[XML-SIG] The Zen of DOM

Uche Ogbuji uogbuji@fourthought.com
Wed, 12 Apr 2000 17:44:56 -0600


The problem is that the W3C folks throws quite a curve ball with DOM level 2.  
The level 2 document has to be created with prior knowledge of the 
document-type and document-element.  In Level 1, none of this was needed.  
Since we didn't imagine that most users would have prior knowledge of this, we 
decided that it was unlikely that they would be passing in a document to the 
Sax2 handler, so we took the doc parameter out of the initializer.

Now there is no technical reason to omit it.  If you are in a situation where 
you can construct a proper DOM Level 2 document and pass it to the Sax2 
handler, there is no reason for us not to let you.

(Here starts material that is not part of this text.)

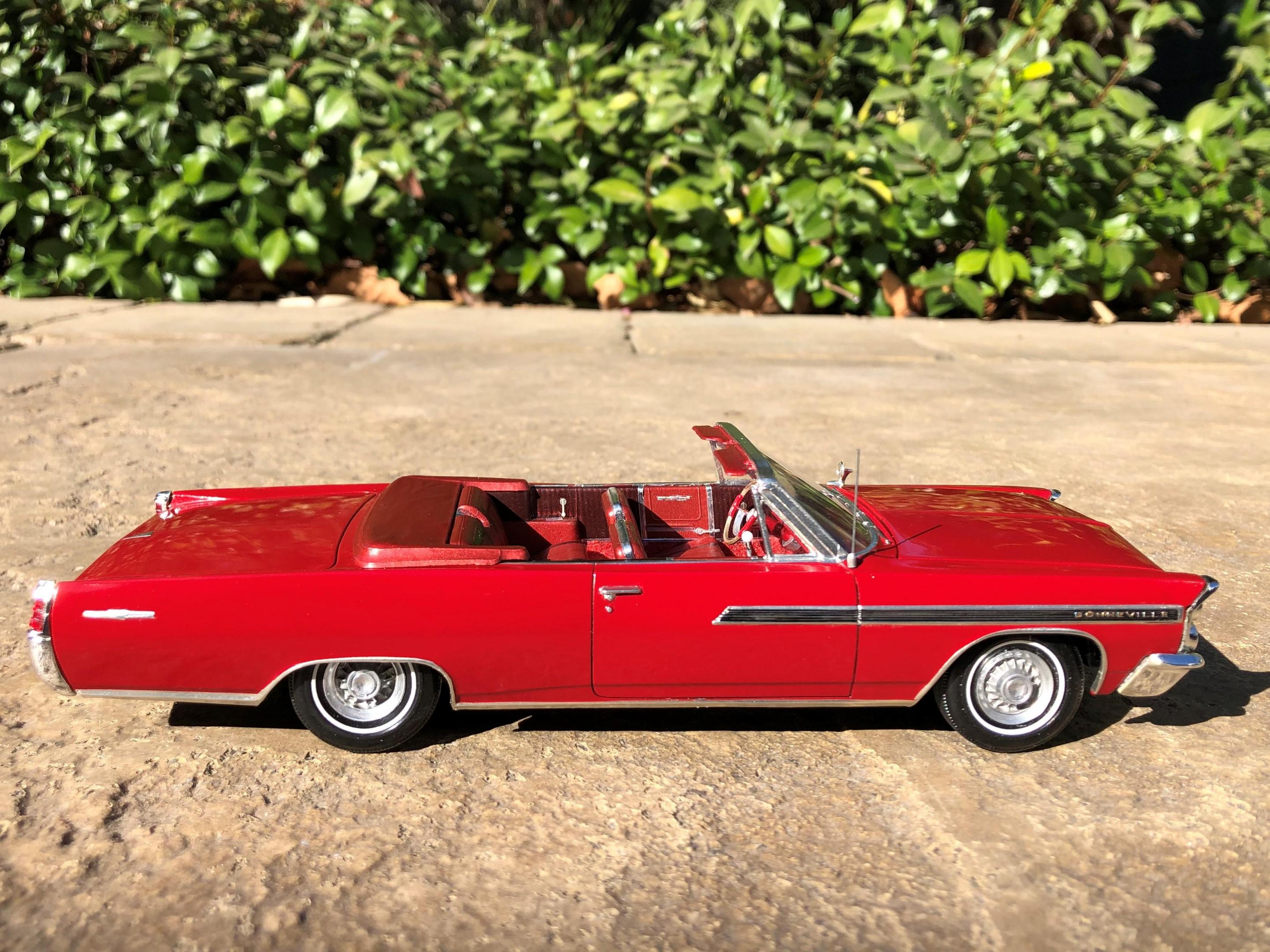 Thank you everyone! This is one of a pair of '63 Bonneville Convertibles that I've been working on for a while. The other car is Yorktown blue with a light blue uptop. The annual kit did not come with an uptop so I am still working through the challenges on that one.

I think I'll go ahead and reinstate the "doc" parameter to the Sax2 handler.  
Look for this in the next version, or I can send you a patch, if you're 
desparate.

Another approach is that we could have the Sax2 handler accept a document 
factory object which is inkokes to create the document.  This might be an 
unnecessarily heavyweight solution, though.

-- 
Uche Ogbuji                               Senior Software Engineer
uche.ogbuji@fourthought.com               (303)583-9900 x 101
Fourthought, Inc.                         http://Fourthought.com 
4735 East Walnut St, Ste. C, Boulder, CO 80301-9036
Software-engineering, knowledge-management, XML, CORBA, Linux, Python


> I've written a couple of applications that do what you describe and for me
> it is the only alternative when it comes to reading in XML data. The 4DOM
> parser has limited support for this sort of thing, I've found. If you use
> the 4DOM Sax parser (actually a DOM parser, found in Ft/Dom/Ext/Reader), you
> can easily specify that you want to use a custom Document instance. Because
> the Document is also a node factory for the resulting DOM, you can subclass
> the default Document class and parse the XML file using your own custom
> document, with overridden methods for things like creating elements.
> Typically, an overridden element factory method (createElement or
> createElementNS) checks the namespace URI and tag name and if a match is
> found, returns some custom object like you describe, otherwise it simply
> calls the same method of its superclass, Document. The custom object
> returned by the element factory method should probably inherit from the
> Element class, but you could of course override its functionality
> arbitrarily.
> 
> Unfortunately, this is not so easy to accomplish using 4DOM, I've found,
> because the Sax parser previously mentioned doesn't seem to include
> namespace support. There is an alternative parser called Sax2 that includes
> NS support, but for some reason I've been unable to figure out, the ability
> to specify a custom Document instance in the Sax2 parser has been removed. I
> had to hack my way around this problem, resulting in a somewhat unstable
> solution (it seems like the semantics of the Sax2 parser are a bit different
> under Unix and Win32). I had to access a 'private' member variable inside
> the Sax2 parser instance in order to forcibly replace the default Document
> instance before parsing. Perhaps someone working on 4DOM can provide some
> insight into a better way, or at least an explanation to why the custom
> element factory feature has been removed in Sax2.
> 
> I have example code, although I cannot access it from where I am right now.
> Get back to me privately if you want me to send it.